Two seaters
The club uses two-seat gliders to offer training and Introductory Flights. All have dual controls, enabling the glider to be flown from either seat. The normal format is a tandem arrangement, where the instructor sits in the rear, and the student sits in the front.
This layout prepares the student for solo flight, where you’ll be on your own. After training, your first solo flights will be taken in the two seater, sitting in the front seat as usual, with only the memories of the instructor’s voice floating forward from the rear to accompany you.
Puchacz
Our three Puchacz gliders are the cornerstone of the club’s fleet. The Puchacz is specifically designed as a training glider, reacting as it should in all circumstances. Made of fibreglass, they are very robust, sleek and modern in appearance, and relatively efficient aerodynamically.
Their handling is ‘solid’, requiring the pupil to make deliberate control movements to aid their development of the required control co-ordination skills. In steady flight they will benefit from more subtle, but still co-ordinated, control movements to maintain smooth flight.
Equipped with three wheels, which are fixed in the ‘undercarriage down’ position, these gliders can be identified as “trainers”. It all helps with those early landings! Further clues are the powerful airbrakes for controlled descents, and the lack of flaps, matching them to the gliders that will be flown by the early ‘solo’ pilot gliders.
Schleicher ASK 13
Or K13 for short. This is an incredibly popular training glider, of which more than 700 were made. Constructed of a steel tubing framework, and covered in plywood, fibreglass and fabric, the K13 is reliable and robust.
Their handling is predictable, always responding as expected, with easy recovery from stalls and other out of position scenarios. The cockpit is roomy, allowing for those extra few layers on a winter’s day. The K13 has quite an upright seating position, lending the air of gentlemen’s carriage rather than speed machine – you’ll find yourself more prone in the Puchacz.
Their docile handling and slow flight makes them well suited to flights ranging from early training, through the first solos and on to lazy days floating in our ridge, wave or thermal lift.
Slingsby T.21
Reminscent of a flying barge, the T21 will be familiar to many an Air Cadet from the 1960s and 70s. Very slow flying and arranged in an open cockpit side-by-side seating pattern, they are a sociable and relaxed way to fly.
Less often used for tuition, many are now being restored for the pleasure of their simple flying and feel for the air. On a thermic day, the barge will stay aloft until it is time for tea and cakes.

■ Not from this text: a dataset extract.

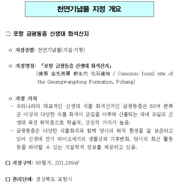 「포항 금광동층 신생대 화석산지」는 메타세쿼이아, 너도밤나무, 참나무, 자작나무 등과 각종 미기록 종을 포함해 식물화석이 60여 종이 넘게 나온 곳이고, 우리나라 내륙에서 발견되지 않는 식물화석도 발견된 바 있어 한반도 신생대 전기의 지형과 기후환경, 식생 변화 등을 예측할 수 있는 중요자료이다.

Our T21 is known at the ‘Ken Hardy’ in honour of the gentleman who performed much of the restoration.
Single seaters
Derbyshire & Lancashire Gliding Club owns and operates four single seater gliders – two each of the K8 and K18 types. These gliders come from the same stable as the K13, so there is a natrual progression from one to the next.
They are well suited to early pilots, all the way up to Silver height, and the K18 especially for the Silver distance and endurance flights. We have found over the years that they are very well suited to early forays ‘local flying’ in and around the Peak District.
Schleicher Ka 8
We have two K8 gliders, one fitted with a conventional perspex bubble canopy, and the other with an open ‘cabriolet’ variant. The former is comfortable if a litle drafty by modern standards. The latter requires goggles and Biggles style headgear. It doesn’t half put you in touch with flying ‘old-school’, and is very popular in summer. Fortunately, we can revert to the normal enclosed bubble when we need to.
The Ka 8 is very similar to the K13, essentially being a single seater variant. Hence it is the glider our new soloists fly after their two-seater solo. It is easy to handle, and talks to you if you’re not quite coordinated. Short landings are the norm, so there’s always room to get back onto the airfield, building pilots’ confidence with each flight. Experienced pilots will often opt for the K8 for its ability to out-climb almost anything in light thermals.
Schleicher ASK 18
We operate two ASK 18s for the intermediate solo pilots. The “K18” is arguably the ultimate in so called wooden gliders, being the last such construction to be designed and built by Schleichers. Overlapping the newer fibreglass gliders in construction eras, it wasn’t built in large numbers, so we are fortunate to have two such fine examples.
They are docile, communicative and safe to handle for new pilots, yet have more performance than the K8. They are able to penetrate into wind, and climb well. With a low stall speed and high wings, they are suited to landing out and facilitate accurate landings. These gliders tend to be the pick of the keen Peaks explorer.